CIERA DUNN raced through her senior year in overdrive, juggling AP classes and a full-time job, because she craved financial independence.
The 17-year-old graduated this month from Central Gwinnett High School, excited and exhausted. Since August, Dunn has been going practically nonstop.
First, it was classes until midmorning, followed by a couple of study hours in the library. Then, off to work at a Walgreens in Lawrenceville, Ga., where the lessons she learned in AP economics took hold as she stocked shelves and rang up sales 30 to 40 hours a week.
Homework and sleep got wedged in between her hectic schedule.

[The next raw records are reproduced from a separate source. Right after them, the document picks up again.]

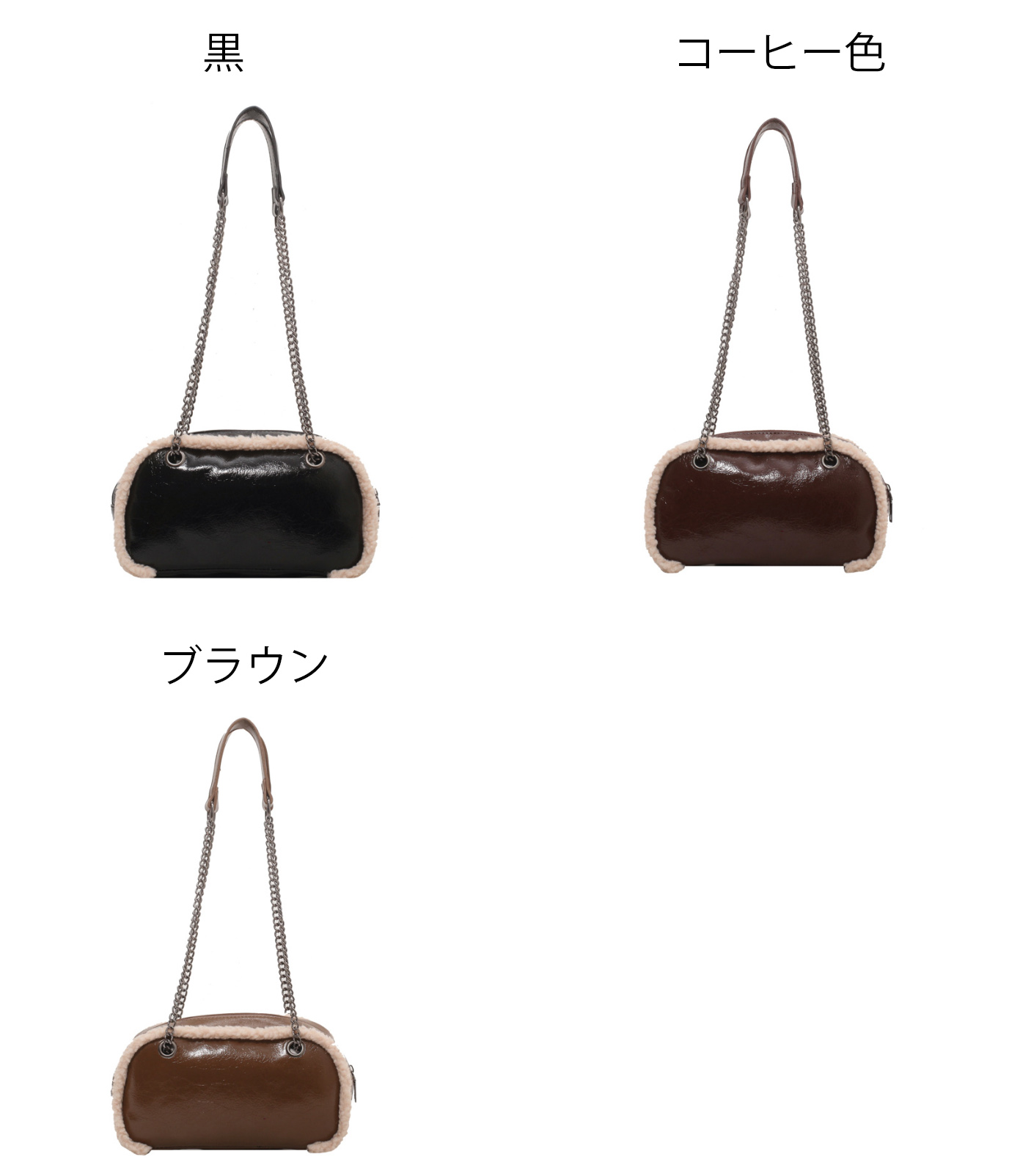 上品なレザー調の質感とふわふわボアの組み合わせが可愛らしく、チェーンストラップで肩掛けスタイルを楽しめます。
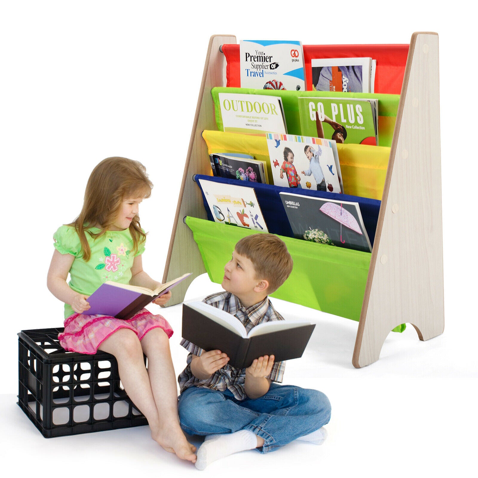 4 Tier Children Bookshelf Magazine Rack Organiser-Natural
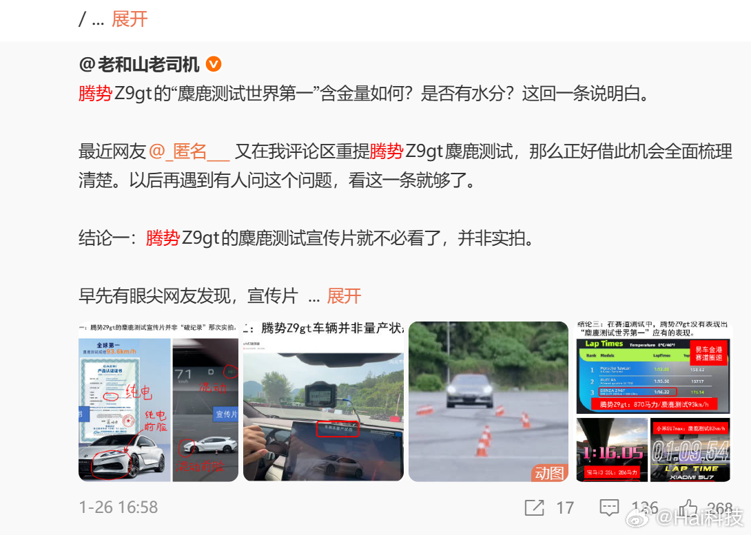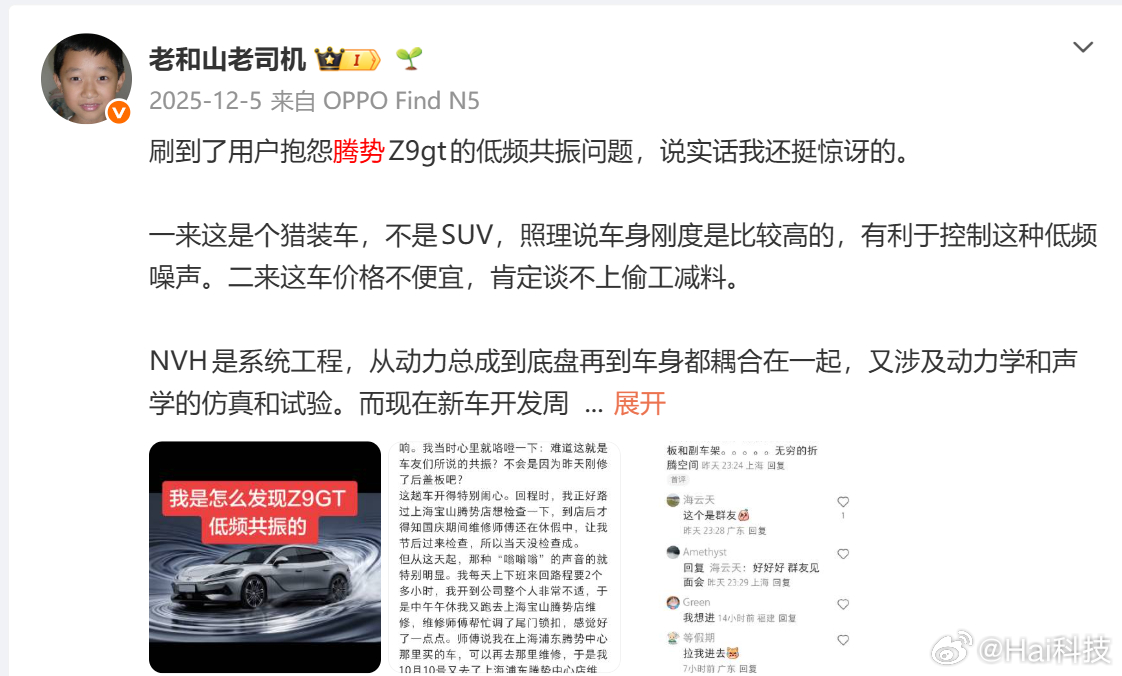 越看越恶心,腾势Z9GT上大电池,他直接说动态性能烂;捏造腾势Z9GT低频共振问题,我开了那么多辆腾势Z9GT怎么一辆都没有啊?好巧你就刷到了;推了单电机版本他又攻击单电机版本;来个漂移赛段的计时赛冠军,他又不乐意了,跟狗一样一直吠,哇塞,你最懂车了!
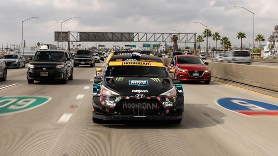 Американский гонщик и бизнесмен Кен Блок, который известен своими видеороликами проекта «Джимхана», продолжает свою профессиональную гоночную карьеру в классическом ралли. И несмотря на то, что в чемпионате мира WRC пилот не выступает, в США в гонках экипаж Кена Блока участвует до сих пор. После окончания контракта с Ford пилот пересел на автомобили Hyundai и продемонстрировал всем свой гоночный Hyundai i20 WRC в условиях уличного трафика.
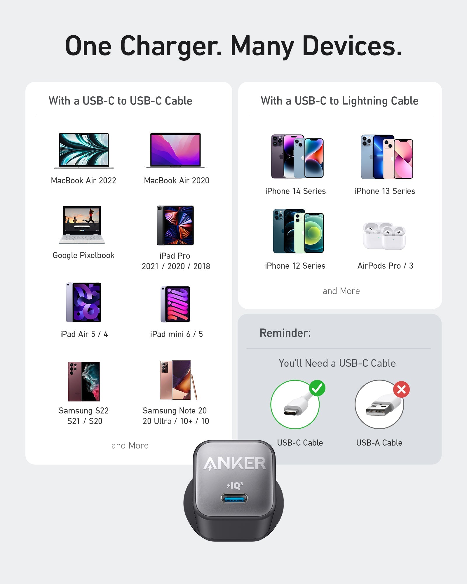 Nano Now Charges Everything: Upgraded with a 30W output so now you can charge your earbuds, phone, tablet, and even your MacBook Air with a tiny charger.
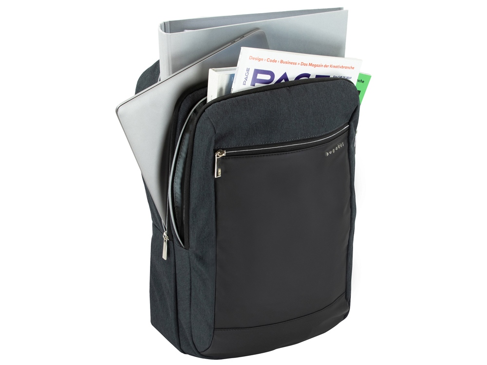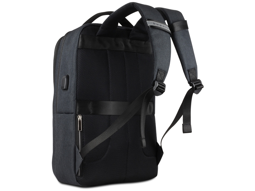 Внутренняя организация: отделение на молнии с USB-портом и мягким отделением для ноутбука 15’’, отделение на молнии с открытым карманом и карманом-органайзером (открытый карман, 3 слота для карточек, 2 держателя для пишущих принадлежностей)
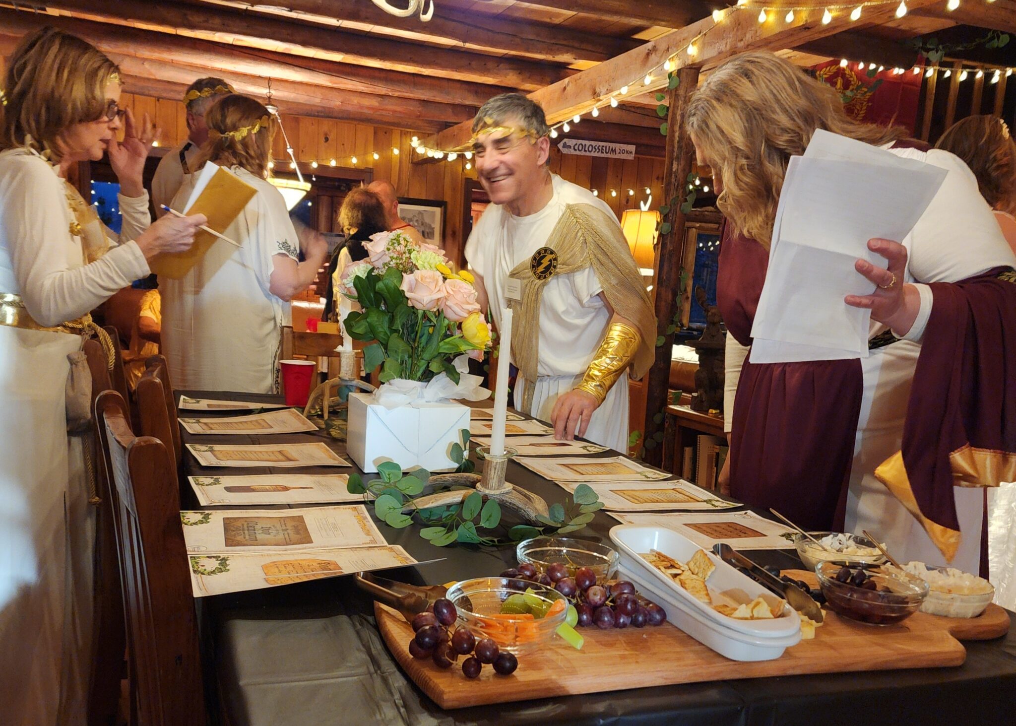 Dinner was served family-style, with Mediterranean-inspired dishes complementing the toga theme.
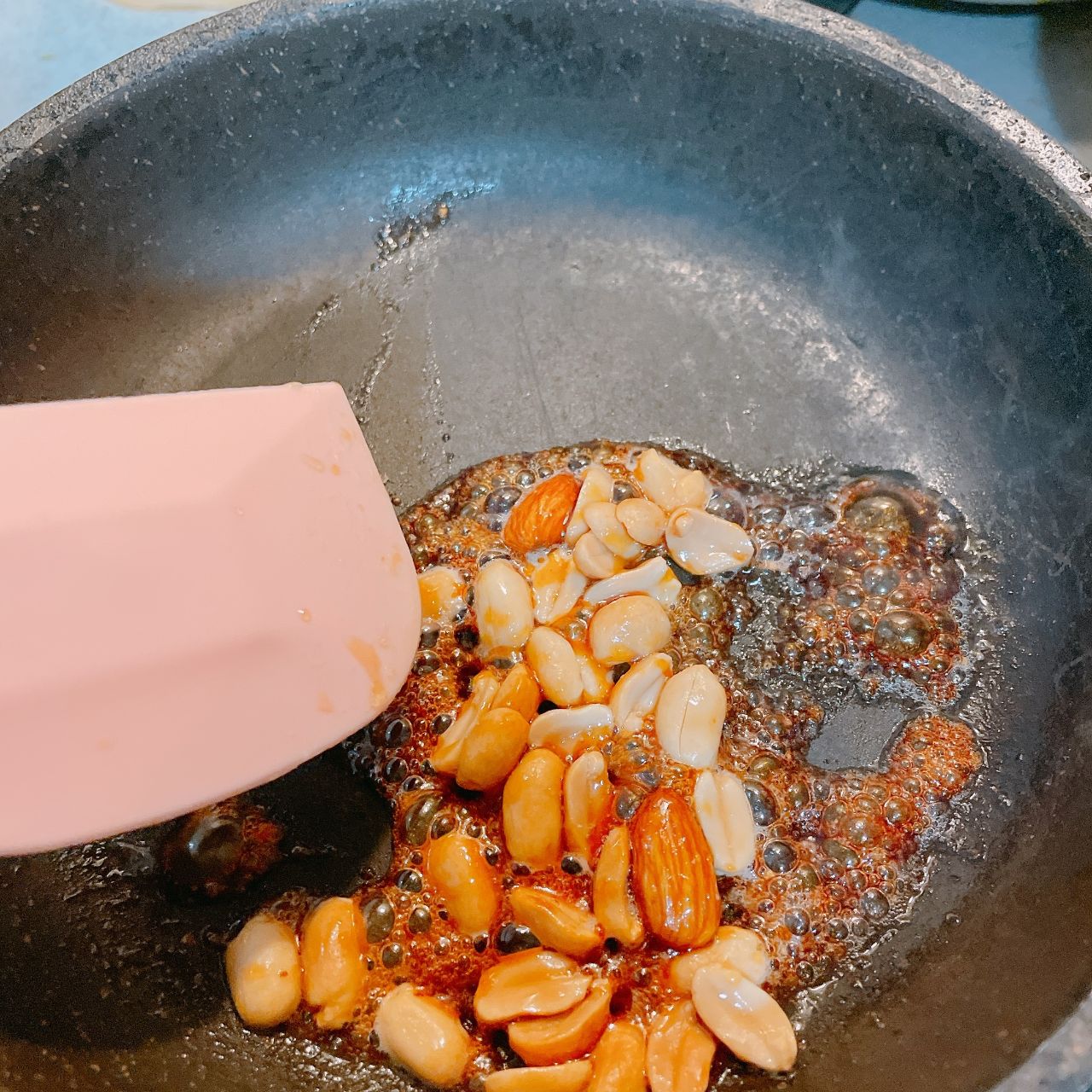 グミと炒めたナッツを乗せて、もう一度オーブンで焼きます。3~5分

The ambitious senior decided to take more AP classes and enroll in a work-study program, gladly sacrificing her social life to earn a better income.
She saved for college and for a $2,500 silver Toyota that made it easier to get to work, until it broke down recently. She is saving to get it fixed. Dunn skipped prom to avoid the expense.
“I semi-regret that,” Dunn said.
She teared up with relief after her final AP exam, admitting that juggling so many things was hard. “Many times, I just didn’t want to get out of bed, but you have to. It puts me in awe, when I look at my co-workers who have families and car notes.”
Amazed by her granddaughter’s determination, Willie Allen, of Decatur, Ga., said, “I am very proud of her.”
Dunn graduated with a 3.3 GPA and college credits that will allow her to skip freshman history and literature. She has been accepted to five Georgia colleges, including Georgia State University.
Once she begins college, she hopes to commute to Walgreens to work. She needs book money.
“I want to be an orthopedic surgeon,” she said. “It has always been my dream.”